Genellikle larvaların ilk göçü sağ karıncıktan sağ kulakçığa olur. Kalp zaten doymuş olduğunda, solucanlar hepatik ve kaval damarlara da göç edebilir. Bu sırada kalp yetmezliği riski büyük ölçüde artar.
Akciğer atardamarlarındaki solucan popülasyonunun büyümesi, vücudun doğru kan dolaşımını ve oksijenlenmesini engeller. Bir yandan kan akışının engellenmesi, pulmoner tromboemboliye yol açabilen pıhtı oluşumunu kolaylaştırır.
Ayrıca zayıf kan dolaşımı diğer organların oksijenlenmesini bozar. Bu nedenle, kalp kurdu hastalığının daha ileri aşamalarında, köpek birden fazla başarısızlık vakasından (kalp, karaciğer, böbrek vb.) muzdarip olabilir.Bu aşamada çökmeler meydana gelebilir ve köpek ani ölüme karşı savunmasızdır.
Köpeklerde kalp kurdu hastalığının belirtileri
Kalp kurdu hastalığının ilk belirtileri genellikle geneldir ve tanımlanması zordur. Gerçekte, hastalık genellikle birçok köpekte tamamen asemptomatik olarak başlar. Ancak bu sinyaller, hayvanın vücudundaki solucan popülasyonu arttıkça yoğunlaşır.
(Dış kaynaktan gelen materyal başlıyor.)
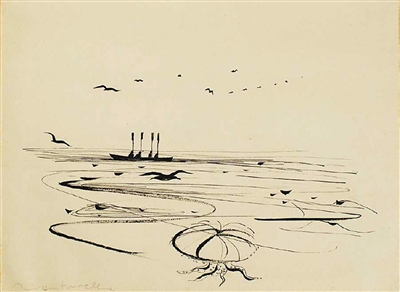 在人物肖像之外,萬徒勒里也熱衷于描繪中國(guó)山水。他于1954年創(chuàng)作的《長(zhǎng)江》借鑒了中國(guó)水墨丹青技法,整幅畫作視野開闊,體現(xiàn)出中國(guó)水墨畫的朦朧、婉約與詩意。他在客居瑞士期間的畫作同樣展現(xiàn)中國(guó)水墨畫開闊的構(gòu)圖、精巧的線條和獨(dú)具一格的東方美學(xué)。畫作《歸來》通過南飛的歸雁、孤寥的漁船和茫茫無盡的海面,讓觀者感受到一種難以訴諸語言、始終縈繞心頭的鄉(xiāng)愁。

Genel olarak köpeklerde kalp kurdu hastalığı ile ilişkili semptomlar şunlardır:
- Yorgunluk ve oyun oynama, koşma ve günlük aktiviteleri yapma isteğinin olmaması.
- Kilo kaybı ve iştah.
- Öksürük.
- Hızlandırılmış nefes alma hızı.
- Bayılma (fiziksel aktiviteden önce daha sık olma eğilimindedirler).
- Çöker.
- Ani ölüm.
Köpek kalp kurdu tedavisi
Köpek filaryazının tedavisi temel olarak hastalığın her köpeğin vücudundaki gelişimine bağlı olacaktır. Başka bir deyişle, solucan popülasyonu, büyüme durumu -parazit yükü- ve her bir hayvanın sağlık durumu.
Erken teşhis neredeyse her zaman prognozu iyileştirir ve tedavinin başarı şansını artırır. Bu nedenle, her zamanki görünümünde veya davranışında herhangi bir değişiklik tespit ettiğinizde en iyi arkadaşınızı veterinere götürmeniz önemlidir.
Köpeklerde kalp kurdu hastalığı önlenebilir mi?
Tüm köpekler, sahipleriyle harika anları paylaşırken dışarıda oynamayı ve eğlenmeyi sever. Ancak, bu dış faaliyetlerin sağlığınızı tehdit etmemesini sağlamalıyız. Kalp kurdunu önlemenin ilk önemli önlemi, en yakın arkadaşınızı sivrisinek ısırıklarından korumaktır.
Evcil hayvan dükkanlarında köpekler için özel olarak tasarlanmış böcek kovucuları zaten bulabiliyoruz. Uçucu yağlar (örneğin citronella), narenciye ve hindistancevizi yağı ile ev yapımı kovucular yapmak da mümkündür. Ama asla insanlara, evcil hayvanlara kovucu uygulamamalıyız.
Evcil hayvanımıza bağışıklık sistemini güçlendirmesini sağlayan tam ve dengeli beslenmeyi sağlamak da önemlidir. Güçlendirilmiş doğal savunmaya sahip bir köpek, her türlü patolojiye karşı daha az savunmasız olacaktır.